In bright sunlight a heavily-tanned, thin man is riding a bicycle comfortably
up a twisting road high in the mountains. Just in front of him is a big open
car from which a man in the back is filming the cyclist on a 16 mm camera.
'Cinesport' is painted in a decorative script typeface on the car's side. More
cars and motorcycles follow, each carrying little plates inscribed 'Tour de
France 49'. You can see at least a kilometre, maybe two, down the mountain
road. No other cyclist is in sight.
The rider is, of course, Fausto Coppi; and the image could serve as an exemplar
of everything his name evokes: high mountains, easy dominance, media adulation,
solitude. There are a hundred and fourteen big pictures, some of them across a
double spread, 24" x 10". Coppi aged 17 after winning his first race;
be-goggled in the 1946 GP des Nations; getting a wheel change in the Tour;
climbing the Peyresourde with Hugo Koblet; at dinner; soaking his feet in the
bidet; in his room; with his wife, son, mistress, mechanic, friends, rivals and
team-mates; shaking hands with Gino Bartali who looks like a Borgia Pope in a
mechanic's overall; and thousands of mourners – though perhaps not the thirty
thousand of the caption – on a snow-covered January hillside at Castellania.

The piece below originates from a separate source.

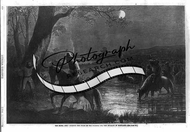 Rebel army crossing the fords of the Potomac for the invasion of Maryland,1862
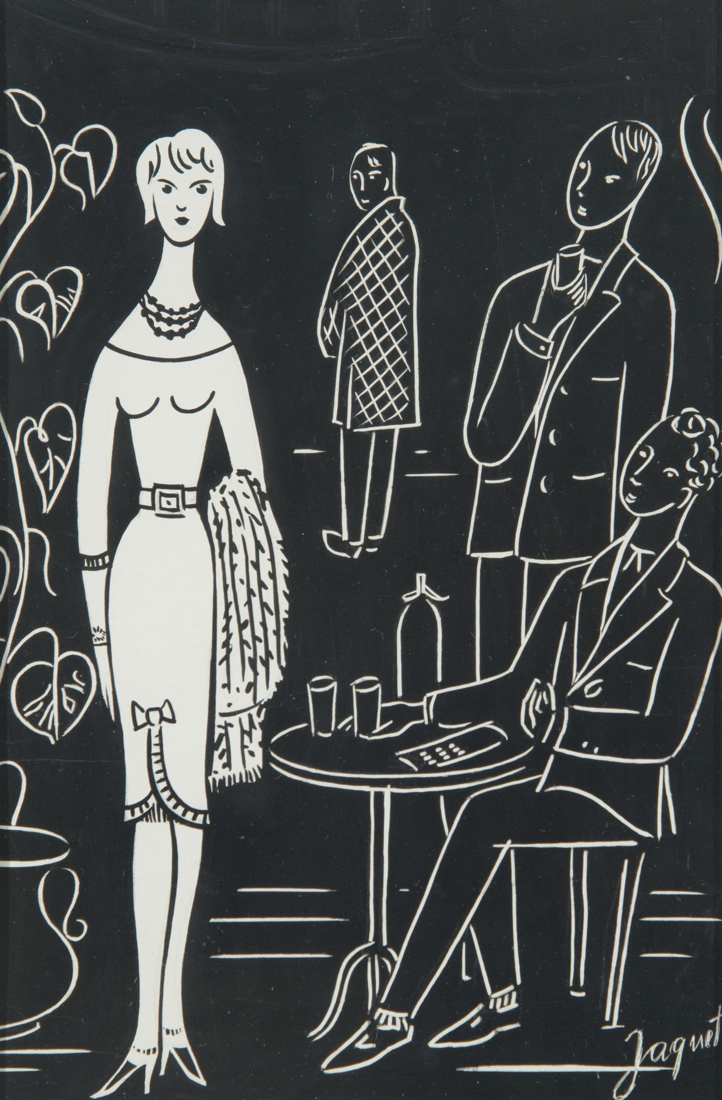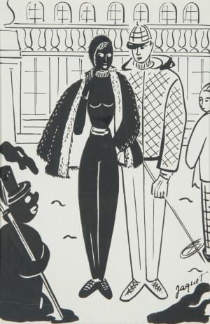 Les élégants au bonhomme de neige et J'attends mon partenaire, paire d'encres sur papier signées, 20x14cm

The text is perhaps 20,000 words – about as much as you get in one issue of
Cycle Coaching
– but it's enough. We know most of it anyway. The translation (no-one is
credited) is adequate. It's the pictures that count. They're all black and
white, of course – like pictures of World War II, it's what we expect. Wasn't
everything in black and white then? Coppi in colour? It would look
inappropriate for the era.
This is the ultimate in superlative cycling coffee table books – just the
thing to ask for from someone near and dear to you who's feeling guilty because
they didn't give you enough for Christmas. Put yourself first for once.